Integer. Number of CPU cores to use.

qc

Logical. Whether to perform quality control filtering. When TRUE, applies the following stringent filters to ensure high-quality data:

Alignment direction

Removes unmapped reads (alignment_direction == "*")

Mapping quality

Removes reads with zero mapping quality (alignment_mapq == 0)

Poly(A) coordinates

Removes reads with invalid start positions (poly_tail_start == 0)

Tail length

Removes reads with tails shorter than 10 nucleotides (poly_tail_length < 10)

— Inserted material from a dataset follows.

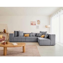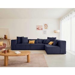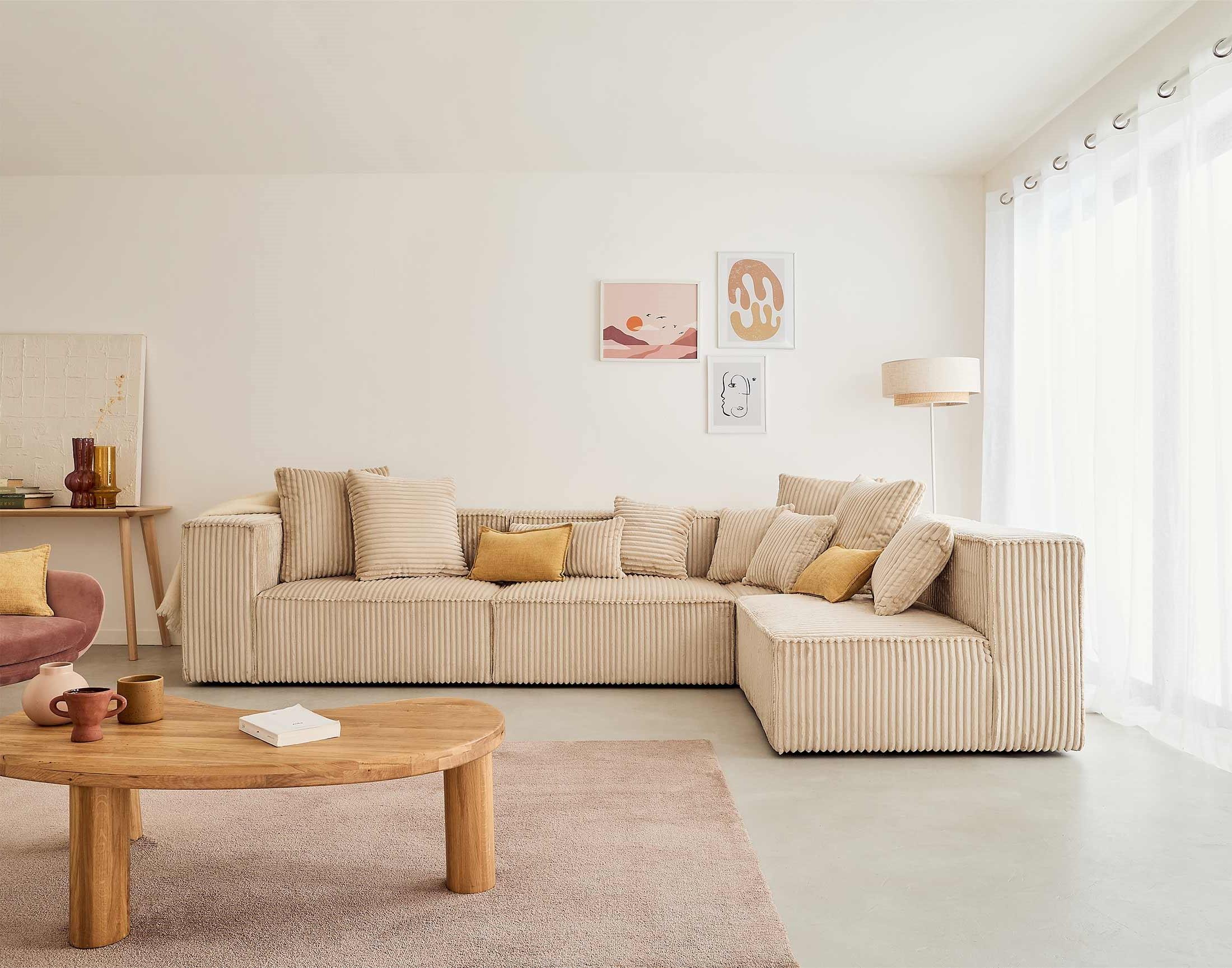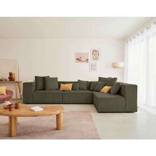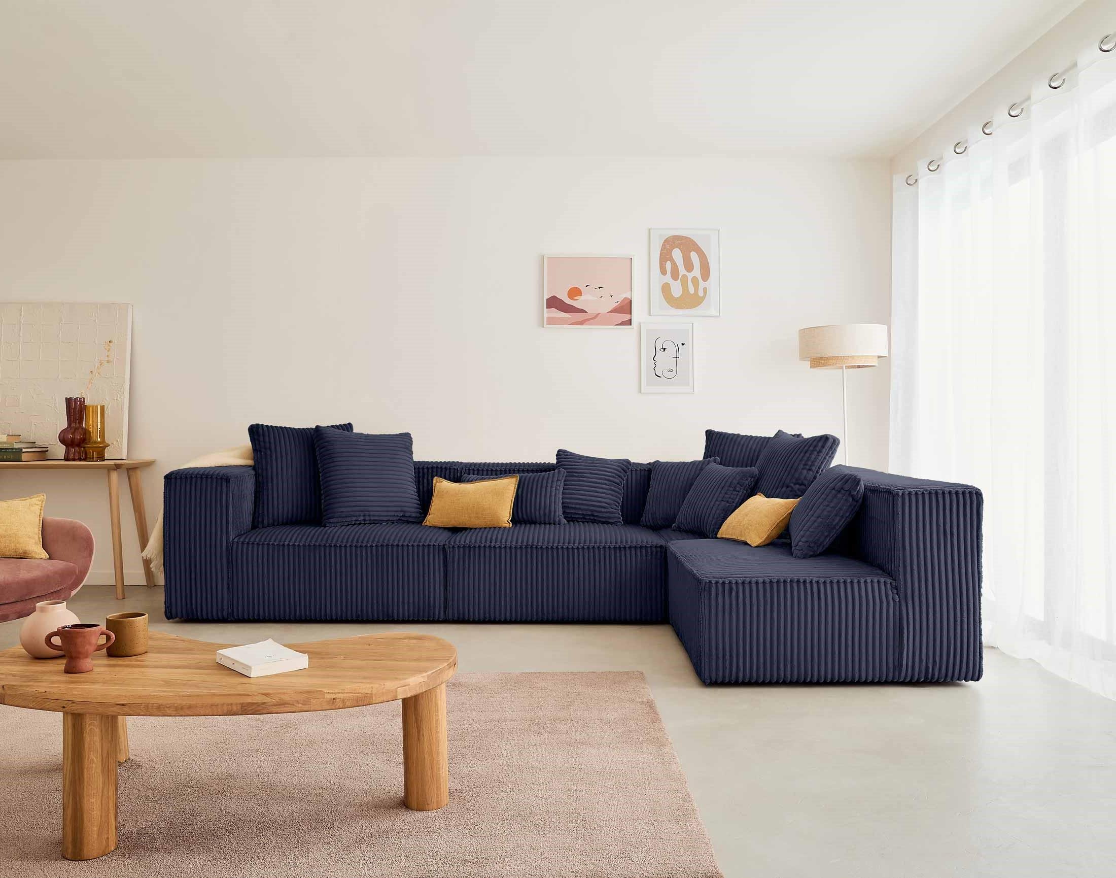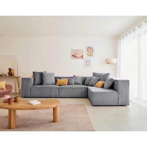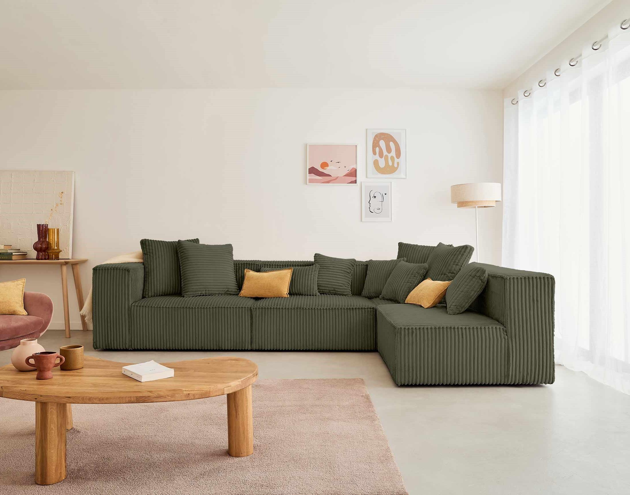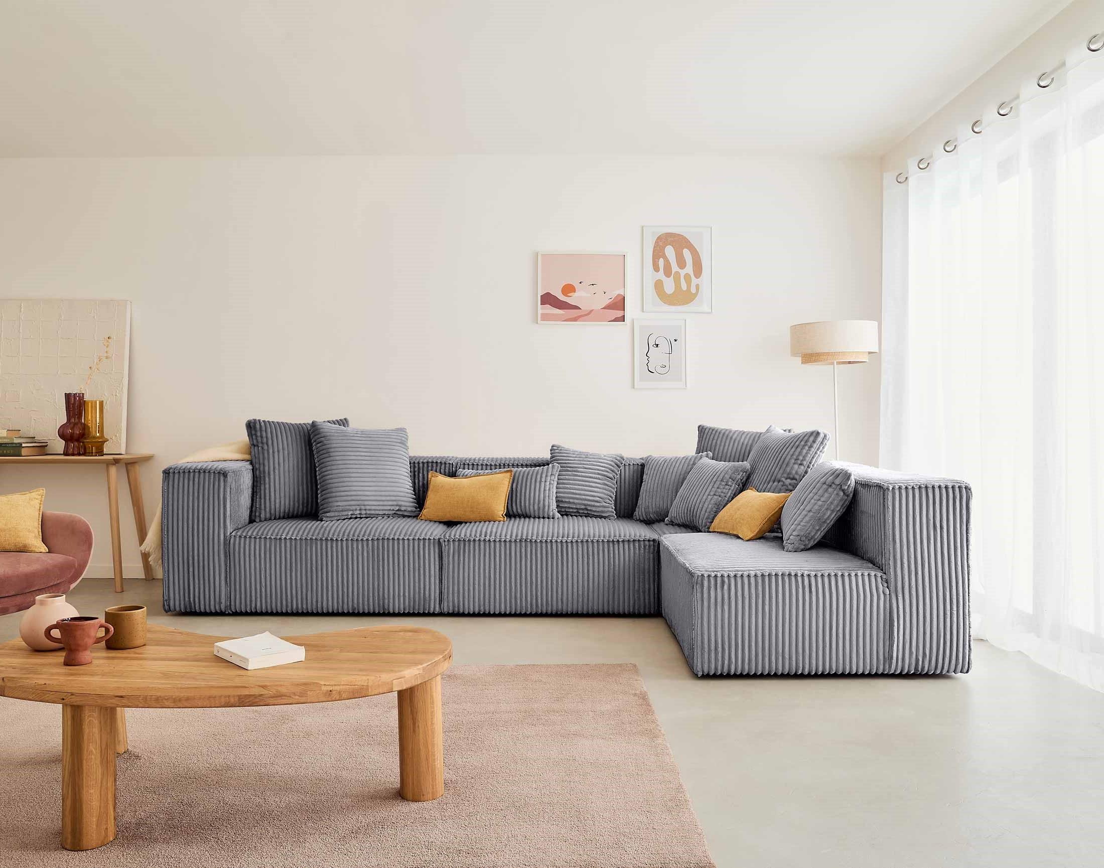 Colombine - canapé modulable d'angle droit - 5 places - en velours côtelé grosses côtes

These filters remove low-quality reads, misaligned sequences, and likely artifacts from pore clogging or basecalling errors. Set to FALSE only for preliminary analysis or when using pre-filtered data.

save_dir

Character. Directory where output files will be saved.

prefix

Character. Prefix to add to output file names (optional).

part_size

Integer. Number of reads to process in each chunk.

cli_log

Function for logging messages and progress.

Value

List containing paths to processed files:

summary_files

Paths to split summary files

polya_signal_files

Paths to extracted poly(A) signal files

Quality Control Details

The quality control filtering (when qc = TRUE) is implemented via filter_dorado_summary and performs the following operations:

  • Unmapped read removal: Reads with alignment_direction = "*" indicate failed alignment to the reference and are excluded.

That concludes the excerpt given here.